Cholesterol is a waxy substance that can build up on the walls of arteries, potentially causing health problems.
Approximately 71 million people in the United States live with high levels of low-density lipoprotein (LDL), or “bad cholesterol.”
It is more commonly implicated as a contributing factor in cardiovascular conditions such as heart disease and stroke, but cholesterol is also one of the main constituents of the cell wall.
A new study, published in the journal Nature Chemistry, suggests that this cholesterol could also act as a catalyst for clusters of a protein called amyloid-beta to form in the brain.
Amyloid-beta is well known to be a key contributing factor to Alzheimer’s disease, which currently affects around 5.4 million people in the U.S. When amyloid-beta aggregates, it forms into plaques that are toxic to brain function and kills off brain cells.
However, scientists have struggled to identify how the clusters of amyloid-beta form in the first place.
Cholesterol speeds up aggregation
What scientists do know is that amyloid-beta molecules do not normally stick together in the brain because they are only present in low levels, and they are spread out across the brain.
The Cambridge team joined forces with researchers at Lund University in Sweden to investigate how amyloid-beta manages to form into clusters in Alzheimer’s disease.
They revealed that amyloid-beta can stick to lipids, a type of insoluble molecule that includes fats, steroids, phospholipids, and waxes. In particular, amyloid-beta was found to stick very well to lipid cell membranes containing cholesterol.
Then, once amyloid-beta molecules become stuck to cholesterol-containing lipid cell membranes in the vicinity of other “stuck” amyloid-beta molecules, there is a greater chance that these molecules will encounter each other, causing clusters to begin forming.

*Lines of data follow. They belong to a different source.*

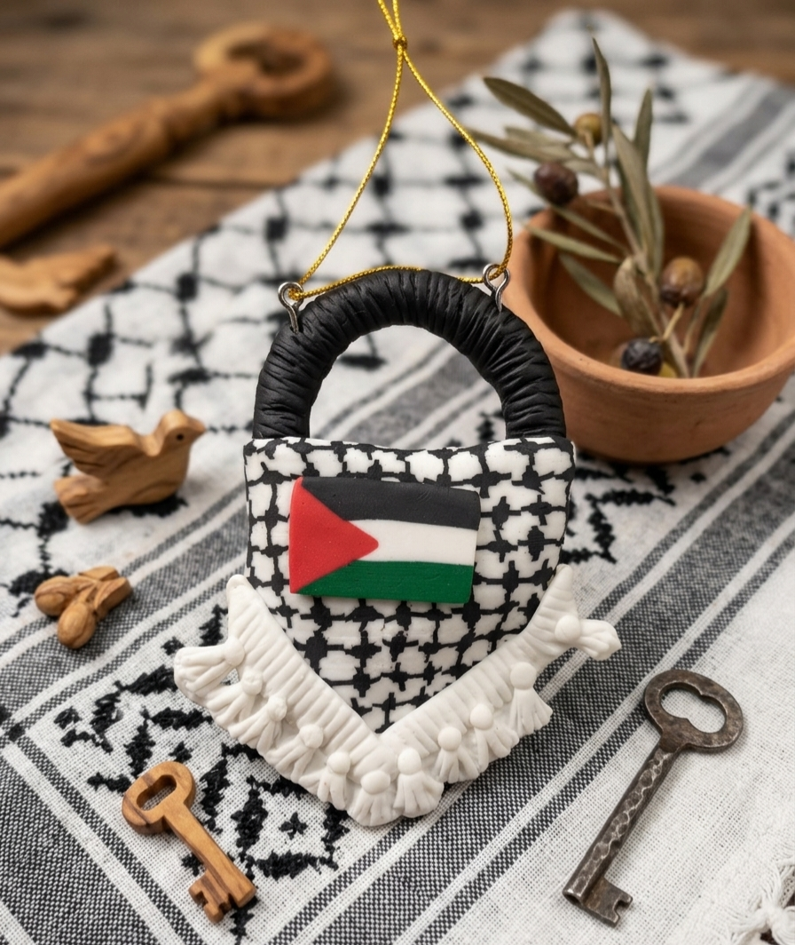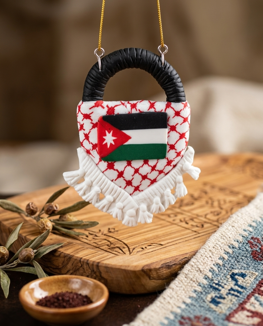 أضف لمسة من الفخامة الوطنية لمقتنياتك. تعليقات “الكوفية والشماغ” المصممة بعناية فائقة لتعكس جمال التفاصيل العربية.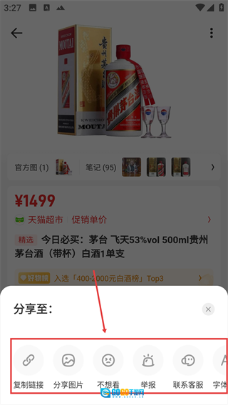 在商品详情页,点击页面底部的“分享”按钮后,会弹出一个包含多种操作选项的分享菜单。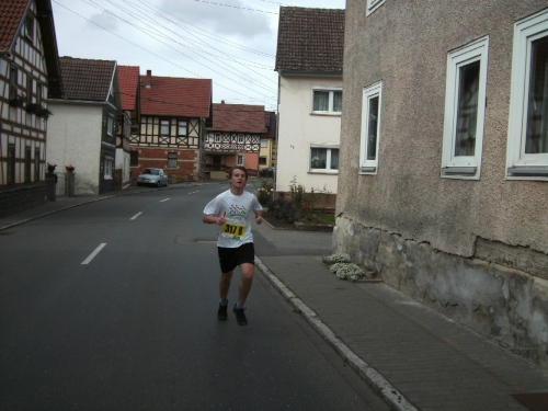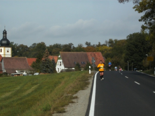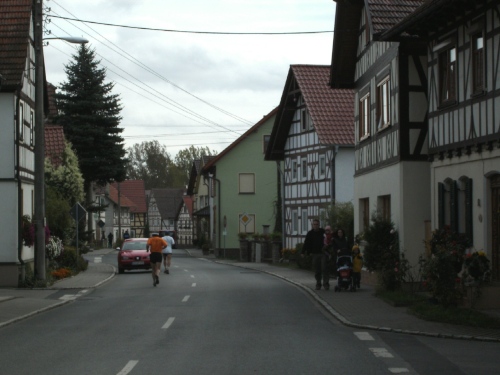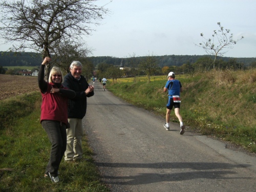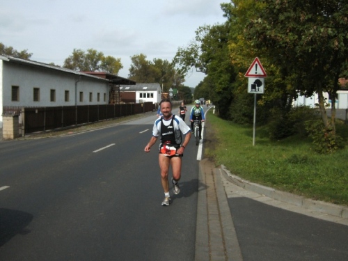 Am Ende des Gefälles geht es nach links, wo wir kurz in das Stadtgebiet Bad Rodach laufen. Viele Zuschauer werden wir heute nicht erwarten können, hauptsächlich werden an den Wechselpunkten der Staffeln, in den Ortschaften sowie am Ziel welche zu sehen sein. Diejenigen, die an der Strecke stehen, machen ihre Sache gut und feuern uns immer wieder an oder lärmen mit Rasseln.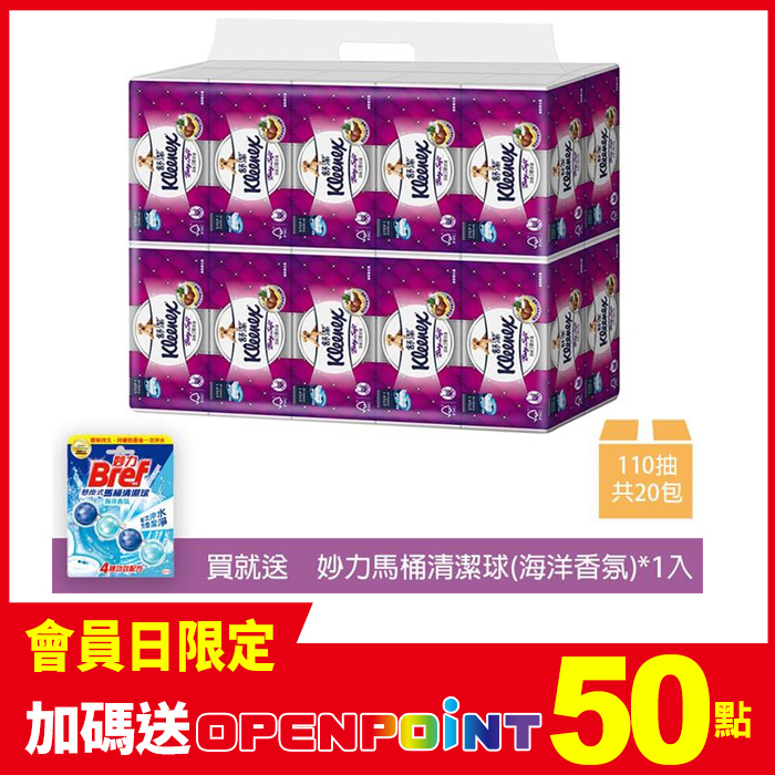 【Kleenex 舒潔】頂級三層抽取式衛生紙 110張x20包+馬桶球*1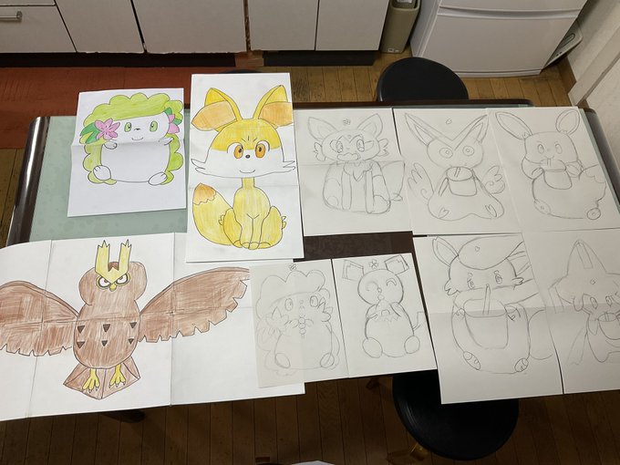 #今月描いた絵を晒そう その1 よそのこシリーズ 今月は多いのでその3まで分けさせていただきました。 右から、なっちゃんさんのザーオ君(XIAOXIATUZI) 真ん中、れしさんのリューイ(Reshitter) 左、長野駅のながも君になります。

The team calculates that the presence of cholesterol caused amyloid-beta clusters to develop 20 times faster than they would have otherwise.
Will eating less cholesterol reduce risk?
Earlier studies have mapped a link between cholesterol and Alzheimer’s; for instance, scientists know that some of the same genes that process cholesterol in the brain are also implicated in Alzheimer’s. However, it is unclear how they are linked.
The authors of the recent study are not sure if dietary cholesterol plays a role in Alzheimer’s, as this kind of cholesterol does not cross into the brain from the bloodstream.
So, although it is generally good for your health to eat a balanced diet without too much LDL cholesterol, how much cholesterol you consume in your diet is not thought to be an issue in regards to your risk of developing Alzheimer’s.
In fact, study co-author Prof. Michele Vendruscolo — of the Centre for Misfolding Diseases at the University of Cambridge — says that it is not the cholesterol in itself that is the problem.
“The question for us now,” he says, “is not how to eliminate cholesterol from the brain, but about how to control cholesterol’s role in Alzheimer’s disease through the regulation of its interaction with amyloid-beta. We’re not saying that cholesterol is the only trigger for the aggregation process, but it’s certainly one of them.”
Prof. Vendruscolo explains that cholesterol is moved around the body by dedicated “protein carriers” such as ApoE, which, in its mutated form, has also been studied as a risk factor for Alzheimer’s.
In older people, protein carriers are less effective, interrupting the movement of cholesterol around the body. So, it may be possible for scientists in the future to design drugs that target this process, helping to control the balance of cholesterol and amyloid-beta in the brain.
“This work has helped us narrow down a specific question in the field of Alzheimer’s research,” concludes Prof. Vendruscolo.
“We now need to understand in more detail how the balance of cholesterol is maintained in the brain in order to find ways to inactivate a trigger of amyloid-beta aggregation.”